### Available data
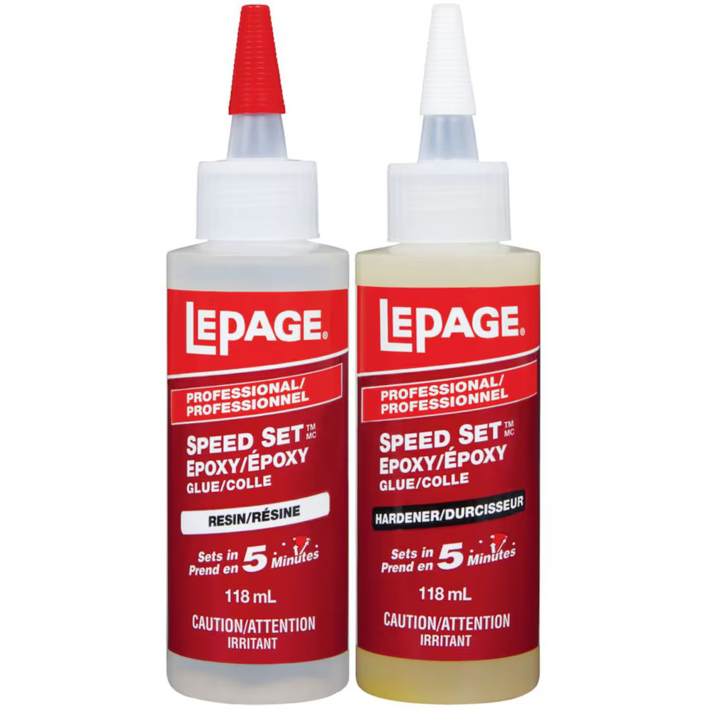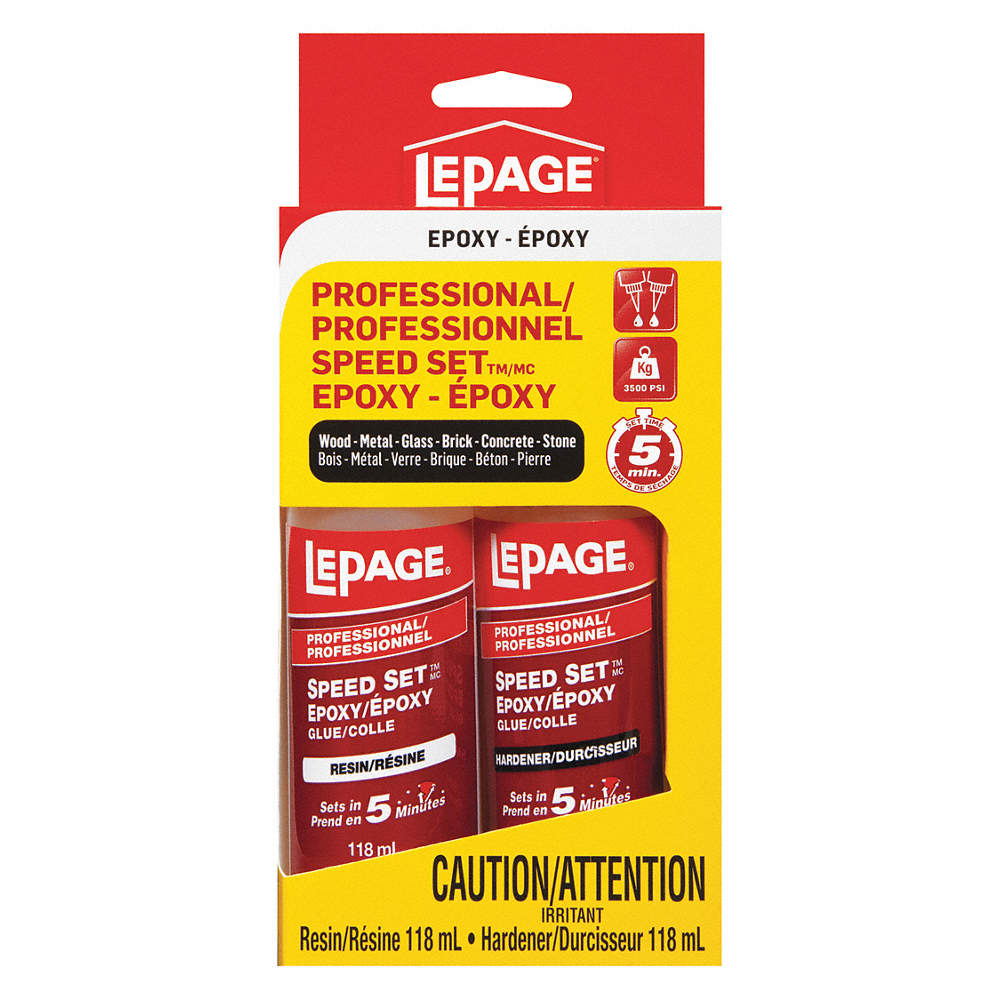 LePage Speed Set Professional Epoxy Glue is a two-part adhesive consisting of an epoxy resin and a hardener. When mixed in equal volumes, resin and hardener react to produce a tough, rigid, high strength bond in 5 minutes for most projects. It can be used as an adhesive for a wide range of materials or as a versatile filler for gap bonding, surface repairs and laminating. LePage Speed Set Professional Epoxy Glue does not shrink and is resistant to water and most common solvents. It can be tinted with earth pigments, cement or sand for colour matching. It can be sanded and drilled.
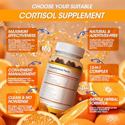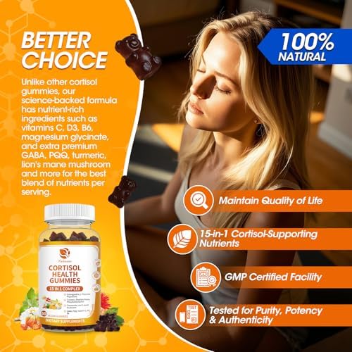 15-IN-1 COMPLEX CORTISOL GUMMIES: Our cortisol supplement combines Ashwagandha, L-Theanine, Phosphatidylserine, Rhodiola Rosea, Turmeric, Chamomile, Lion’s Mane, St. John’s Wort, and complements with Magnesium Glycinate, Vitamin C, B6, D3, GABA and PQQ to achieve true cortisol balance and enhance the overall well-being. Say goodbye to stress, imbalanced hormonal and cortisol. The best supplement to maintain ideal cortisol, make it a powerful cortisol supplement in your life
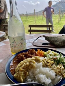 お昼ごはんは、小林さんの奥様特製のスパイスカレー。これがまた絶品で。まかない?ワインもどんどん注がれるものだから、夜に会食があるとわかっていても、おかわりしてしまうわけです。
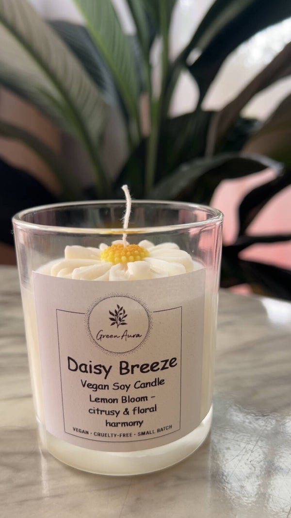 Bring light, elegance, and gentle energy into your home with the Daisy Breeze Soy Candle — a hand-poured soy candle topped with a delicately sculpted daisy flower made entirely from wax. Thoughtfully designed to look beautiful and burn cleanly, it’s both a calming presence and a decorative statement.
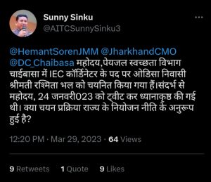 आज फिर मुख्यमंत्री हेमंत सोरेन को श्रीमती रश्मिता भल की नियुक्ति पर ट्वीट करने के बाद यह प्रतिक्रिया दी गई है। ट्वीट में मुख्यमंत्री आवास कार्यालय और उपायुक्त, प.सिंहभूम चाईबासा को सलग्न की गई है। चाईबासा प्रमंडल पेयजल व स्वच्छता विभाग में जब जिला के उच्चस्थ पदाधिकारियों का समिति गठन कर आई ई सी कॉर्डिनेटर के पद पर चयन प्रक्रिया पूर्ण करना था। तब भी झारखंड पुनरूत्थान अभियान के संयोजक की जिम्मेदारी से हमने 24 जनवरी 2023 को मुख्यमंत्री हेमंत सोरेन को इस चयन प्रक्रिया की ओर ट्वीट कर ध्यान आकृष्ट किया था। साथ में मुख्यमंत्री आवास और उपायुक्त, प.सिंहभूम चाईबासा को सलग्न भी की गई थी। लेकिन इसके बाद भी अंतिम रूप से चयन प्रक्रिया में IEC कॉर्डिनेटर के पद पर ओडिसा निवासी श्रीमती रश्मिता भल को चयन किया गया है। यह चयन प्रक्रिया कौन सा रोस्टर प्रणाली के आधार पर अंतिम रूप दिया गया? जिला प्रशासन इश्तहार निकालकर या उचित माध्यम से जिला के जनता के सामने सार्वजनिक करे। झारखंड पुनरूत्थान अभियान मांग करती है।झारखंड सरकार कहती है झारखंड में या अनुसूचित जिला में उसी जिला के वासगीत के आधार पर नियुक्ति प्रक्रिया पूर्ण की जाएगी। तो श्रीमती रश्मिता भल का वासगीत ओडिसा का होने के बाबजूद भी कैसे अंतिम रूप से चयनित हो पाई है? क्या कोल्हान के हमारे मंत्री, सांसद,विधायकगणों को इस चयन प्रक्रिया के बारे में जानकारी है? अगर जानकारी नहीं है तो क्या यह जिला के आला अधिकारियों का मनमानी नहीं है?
==
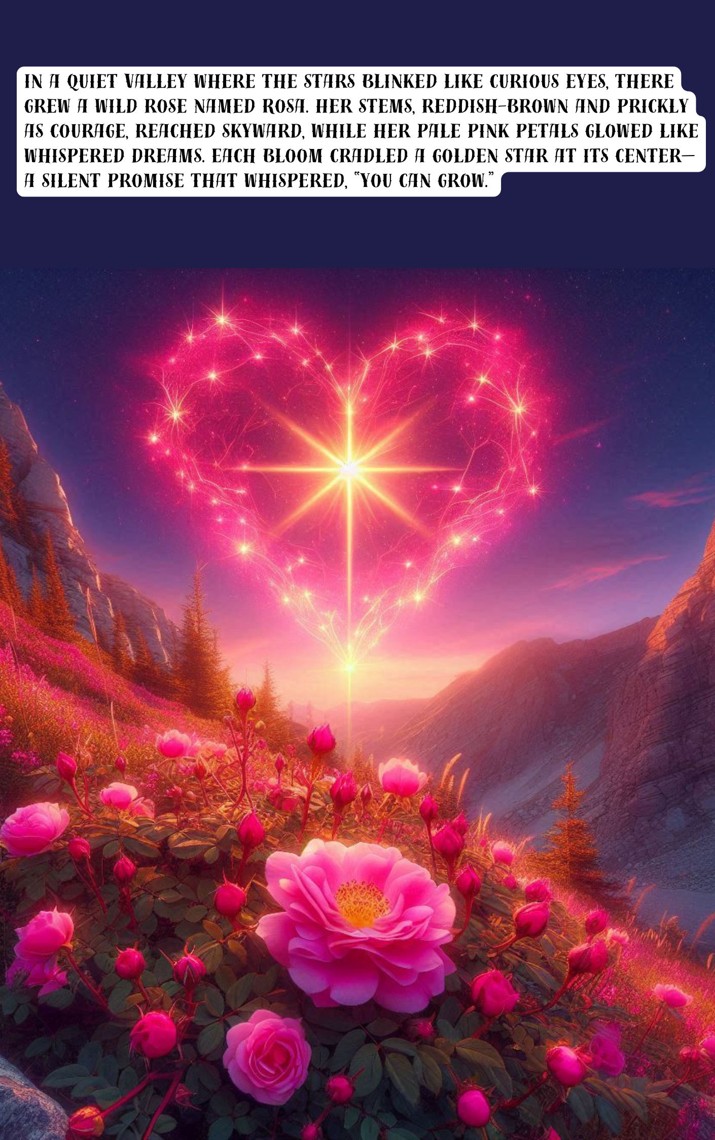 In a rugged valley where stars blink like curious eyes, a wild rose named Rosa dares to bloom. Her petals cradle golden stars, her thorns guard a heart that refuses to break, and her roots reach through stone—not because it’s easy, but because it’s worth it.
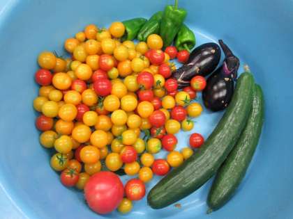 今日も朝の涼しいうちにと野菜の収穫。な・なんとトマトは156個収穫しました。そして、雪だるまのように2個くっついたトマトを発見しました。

### Required action
Look back over the records above. Reproduce exactly everything from the line with "LePage Speed Set Professional Epoxy Glue is" down to the line with "Bring light, elegance, and", inclusive, and leave the pictures out.

### Reply to the exercise
 LePage Speed Set Professional Epoxy Glue is a two-part adhesive consisting of an epoxy resin and a hardener. When mixed in equal volumes, resin and hardener react to produce a tough, rigid, high strength bond in 5 minutes for most projects. It can be used as an adhesive for a wide range of materials or as a versatile filler for gap bonding, surface repairs and laminating. LePage Speed Set Professional Epoxy Glue does not shrink and is resistant to water and most common solvents. It can be tinted with earth pigments, cement or sand for colour matching. It can be sanded and drilled.
 15-IN-1 COMPLEX CORTISOL GUMMIES: Our cortisol supplement combines Ashwagandha, L-Theanine, Phosphatidylserine, Rhodiola Rosea, Turmeric, Chamomile, Lion’s Mane, St. John’s Wort, and complements with Magnesium Glycinate, Vitamin C, B6, D3, GABA and PQQ to achieve true cortisol balance and enhance the overall well-being. Say goodbye to stress, imbalanced hormonal and cortisol. The best supplement to maintain ideal cortisol, make it a powerful cortisol supplement in your life
 お昼ごはんは、小林さんの奥様特製のスパイスカレー。これがまた絶品で。まかない?ワインもどんどん注がれるものだから、夜に会食があるとわかっていても、おかわりしてしまうわけです。
 Bring light, elegance, and gentle energy into your home with the Daisy Breeze Soy Candle — a hand-poured soy candle topped with a delicately sculpted daisy flower made entirely from wax. Thoughtfully designed to look beautiful and burn cleanly, it’s both a calming presence and a decorative statement.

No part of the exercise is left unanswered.